Rick Santorum’s Crusade To Save “Christendom”

Via Eric Kleefeld at TPM, we learn that former Pennsylvania Senator (and possible 2012 Republican presidential hopeful) Rick Santorum has deemed Imam Feisal Abdul Rauf “a jihadist, he’s just not a violent jihadist” because he has been critical of American foreign policy, and innocent lives lost around the world as a result of it. He told Fox News that Rauf isn’t a “moderate” and implied he’s therefore anti-American.

Santorum’s attempt to portray Islam as an enemy of America, its values, and indeed western civilization is nothing new. After Santorum lost his Senate seat in 2006, he became the director of the conservative Ethics and Public Policy Center’s Program to Promote and Protect America’s Freedom. In that role, he made combatting “jihadis” a focal point of his activities.

But Santorum never let go of his old culture war issues — in fact they became a central facet of his ideology against Islam.
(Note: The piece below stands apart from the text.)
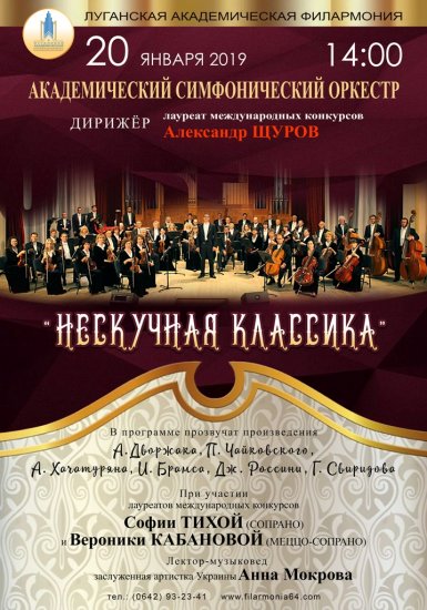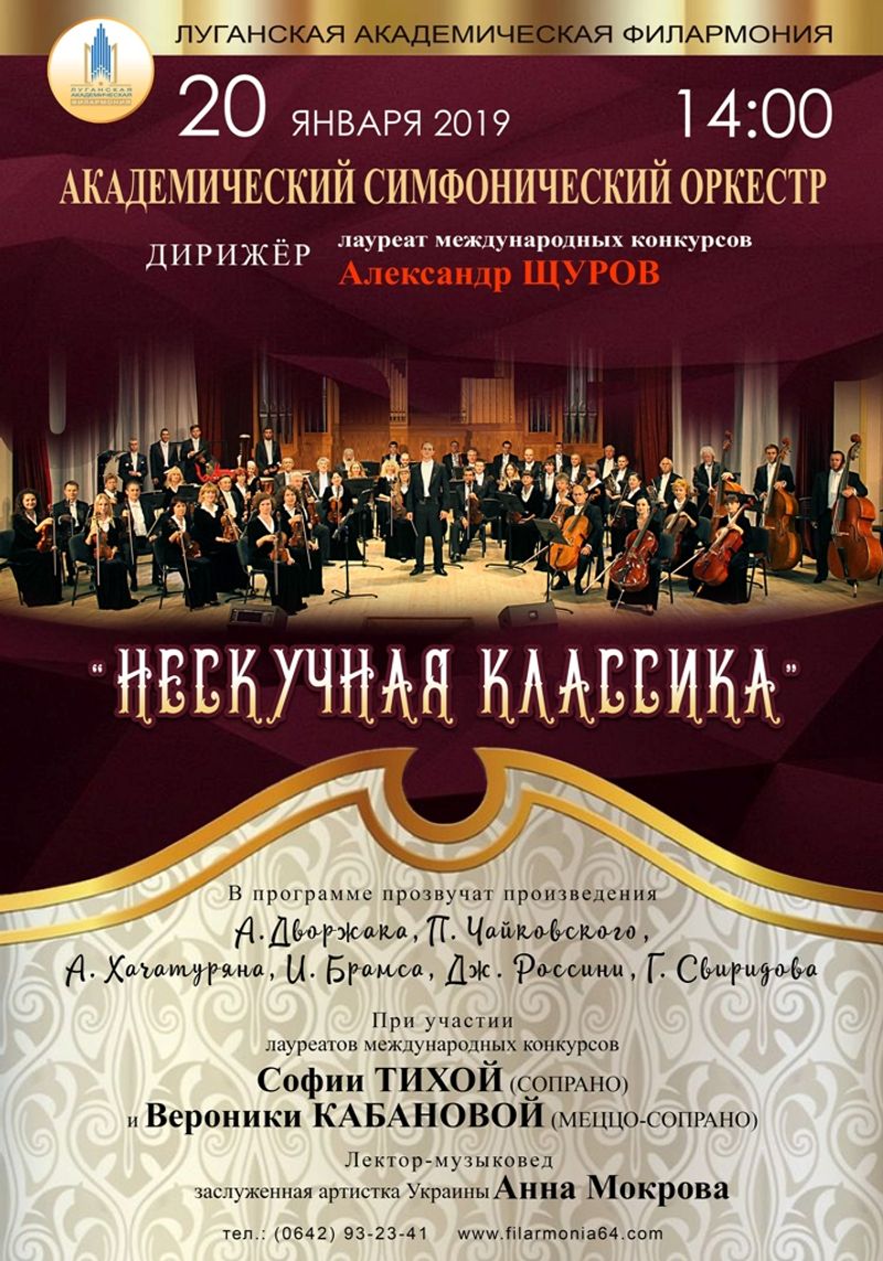 Концерт состоится 20 января в 14:00 под руководством Александра Щурова, который исполнит произведения П. Чайковского, А. Хачатуряна, К. Сен-Санса, Г. Свиридова, И .Брамса, Я. Сибелиуса, А.Дворжака.

I had the chance to interview Santorum in late 2007, as the Republican presidential primary was in full swing, and the candidates were trying not only to out-values-voters each other, but demonstrate their tough-on-terrorism cred.

When I interviewed him, he was fresh off speaking at David Horowitz’s Islamofascism Awareness Week as well as to a group of pastors at Rod Parsley’s Center for Moral Clarity. And in our interview, he asserted that it was essential for conservatives to keep America Christian in order to defeat “jihadis.” Speaking of the speech he gave to Parsley’s group, he told me:

I equated the importance of winning the culture war here in this country as a prerequisite to be able to successfully win the war against these jihadis over the long term. And I made the comparison that if you look at Europe, Europe is not fighting by and large. And the reason they’re not fighting is because they’ve lost the culture war. They are a post-Christian country, they are not a people of faith, their churches are empty, they are people who are not reproducing at any rate to sustain a population. I think the number I heard is every 32 years the population,  the European population of Europe will be reduced by 50%. That’s how bad their birthrates are. This is in many respects a dying continent from the standpoint of European-Europeans. And if we lose faith, and we lose the culture war and become a completely secular, materialistic society, then we will go the way of the Europeans and we will have no heart to face these people. The problem with the Europeans is that they are completely secular folks, by and large, who see the world through the eyes of reason. Well, these people don’t – these people reject reason. These people say that their lives are governed by faith, period, by the rule of law. That was handed down in Sharia. And it is all-encompassing and it is perfect and it is not to be added to. And that there is no room for this.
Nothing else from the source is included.